“Why, I’ve been to the bulletin board. I wrote a little note to the Spartan.”
That was quite enough for the girls. They flew over to the study hall corridor and crowded around the board. There at the end of the notice of the Latin examination, written in a big round hand, were the words:
“I came, I saw, I looked, I ran, I flew, I flunked!”
“Oh, that’s too lovely for words!” gloated Lois. “Angela darling, I’ll love you forever.”
“Come on back to my room,” urged Polly. “We don’t want the Spartan to see us here; she’ll know who did it.”

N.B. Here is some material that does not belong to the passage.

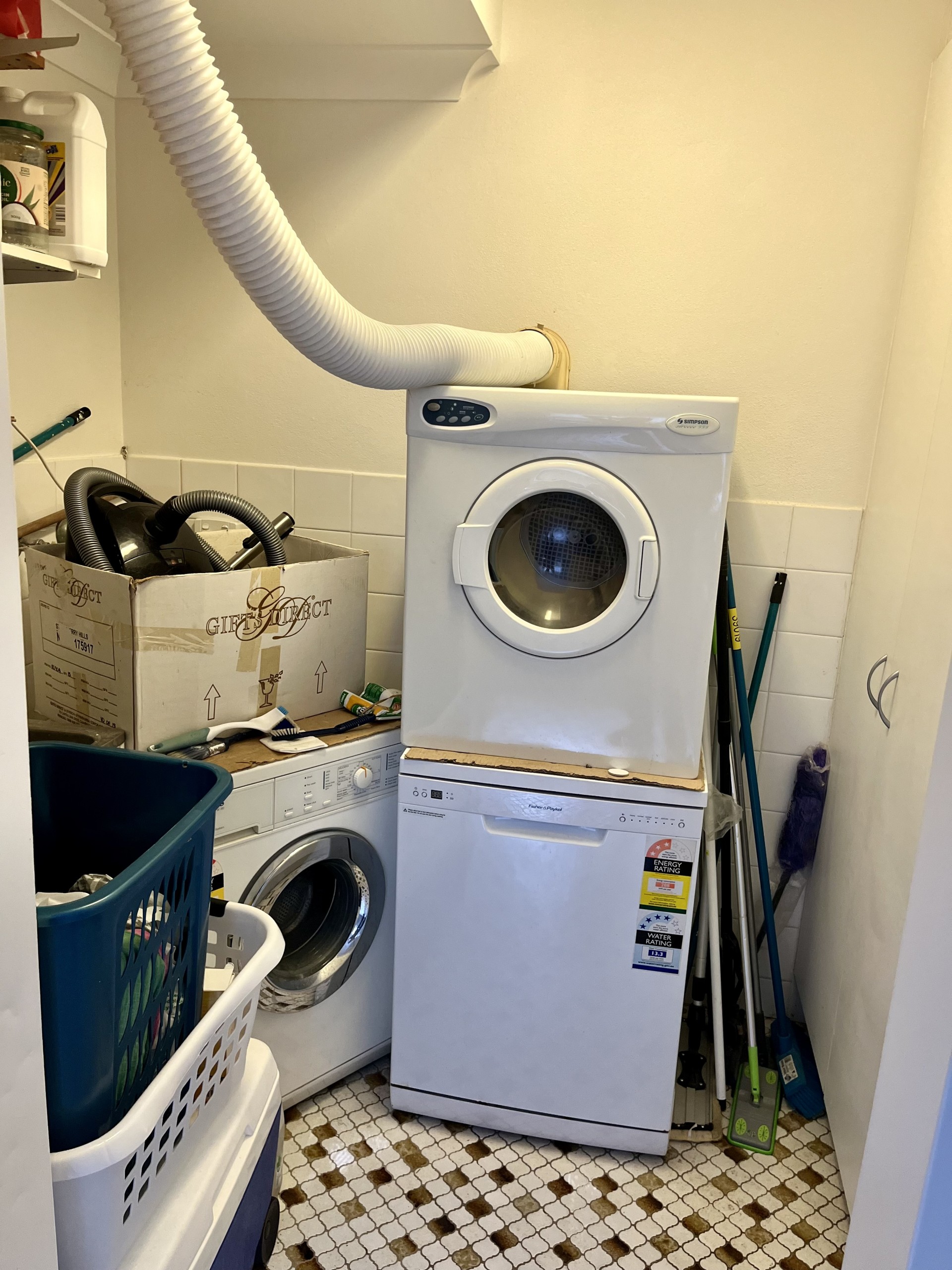 * Internal laundry room with storage cabinet.

“You’re right; we had better fly. But O Jemima, wouldn’t I love to watch her face when she first sees it!” chuckled Betty.
Once back in Polly’s room the girls lapsed into silence and all opened Latin books, which doesn’t mean, however, that they studied. Betty was wondering what particular chapter Miss Hale would choose for translation; Angela’s thoughts were busy with a possible rhyme about the hard-heartedness of the Spartan, and Lois and Polly were thinking of the promised walk with Louise, which would have to be given up.
It was Connie who interrupted their thoughts by banging on the door.
“May I come in?” she called.
“Yes; we are all in the depths of despair, but you may come in if you want to,” Polly called dolefully.